Bientôt il n'y eut presque plus de commerce en Europe; la noblesse, qui régnait partout, ne s'en mettait point en peine.

La loi des Wisigoths a permettait aux particuliers d'occuper la moitié du lit des grands fleuves, pourvu que l'autre restât libre pour les filets et pour les bateaux; il fallait qu'il y eût bien peu de commerce dans les pays qu'ils avaient conquis.

Dans ces temps-là, s'établirent les droits insensés d'aubaine et de naufrage : les hommes pensèrent que les étrangers ne leur étant unis par aucune communication du droit civil, ils ne leur devaient, d'un côté, aucune sorte de justice; et, de l'autre, aucune sorte de pitié.

Dans les bornes étroites où se trouvaient les peuples du nord, tout leur était étranger : dans leur pauvreté, tout était pour eux un objet de richesses.
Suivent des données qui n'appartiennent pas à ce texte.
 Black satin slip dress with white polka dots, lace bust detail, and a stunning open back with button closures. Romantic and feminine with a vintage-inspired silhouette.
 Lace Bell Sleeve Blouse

Etablis avant leurs conquêtes sur les côtes d'une mer resserrée et pleine d'écueils, ils avaient tiré parti de ces écueils mêmes.

Mais les Romains, qui faisaient des lois pour tout l'univers, en avaient fait de très humaines sur les naufrages b : ils réprimèrent, à cet égard, les brigandages de ceux qui habitaient les côtes, et, ce qui était plus encore, la rapacité de leur fisc c.
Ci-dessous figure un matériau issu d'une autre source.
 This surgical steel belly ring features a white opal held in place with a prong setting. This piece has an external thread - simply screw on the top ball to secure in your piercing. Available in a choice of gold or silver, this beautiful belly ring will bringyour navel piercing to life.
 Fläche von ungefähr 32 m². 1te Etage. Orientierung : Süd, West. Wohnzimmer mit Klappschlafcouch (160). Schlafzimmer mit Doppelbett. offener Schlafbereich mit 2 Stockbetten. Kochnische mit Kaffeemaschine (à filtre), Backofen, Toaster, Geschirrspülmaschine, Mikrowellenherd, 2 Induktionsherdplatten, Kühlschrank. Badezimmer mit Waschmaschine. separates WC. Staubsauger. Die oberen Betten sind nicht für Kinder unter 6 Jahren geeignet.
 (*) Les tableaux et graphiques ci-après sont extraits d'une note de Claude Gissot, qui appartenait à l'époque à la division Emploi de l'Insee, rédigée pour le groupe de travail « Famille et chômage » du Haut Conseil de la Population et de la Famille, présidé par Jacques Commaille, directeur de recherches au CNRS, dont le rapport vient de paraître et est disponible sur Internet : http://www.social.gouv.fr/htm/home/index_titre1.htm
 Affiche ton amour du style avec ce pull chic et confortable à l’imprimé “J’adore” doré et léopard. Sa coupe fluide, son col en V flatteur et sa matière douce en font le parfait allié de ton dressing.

a. Liv. VIII, tit. 4, § 9.
b. Toto titulo, ff. de incend. ruin. naufrag. et cod. de naufragiis; et leg. 3, ff. ad leg. Cornel. de sicariis.
c. Leg. I, cod. de naufragiis.


CHAPITRE XVIII

Règlement particulier.

La loi des Wisigoths a fit pourtant une disposition favorable au commerce : elle ordonna que les marchands qui venaient de delà la mer seraient jugés, dans les différends qui naissaient entre eux, par les lois et par des juges de leur nation. Ceci était fondé sur l'usage établi chez tous ces peuples mêlés, que chaque homme vécût sous sa propre loi; chose dont je parlerai beaucoup dans la suite.

a. Liv. XI, tit. III, § 2.


CHAPITRE XIX

Du commerce, depuis l'affaiblissement des Romains en orient.

Les Mahométans parurent, conquirent, et se divisèrent. L'Egypte eut ses souverains particuliers. Elle continua de faire le commerce des Indes. Maîtresse des marchandises de ce pays, elle attira les richesses de tous les autres. Ses soudans furent les plus puissants princes de ces temps-là : on peut voir dans l'histoire comment, avec une force constante et bien ménagée, ils arrêtèrent l'ardeur, la fougue et l'impétuosité des croisés.


CHAPITRE XX

Comment le commerce se fit jour en Europe, à travers la barbarie.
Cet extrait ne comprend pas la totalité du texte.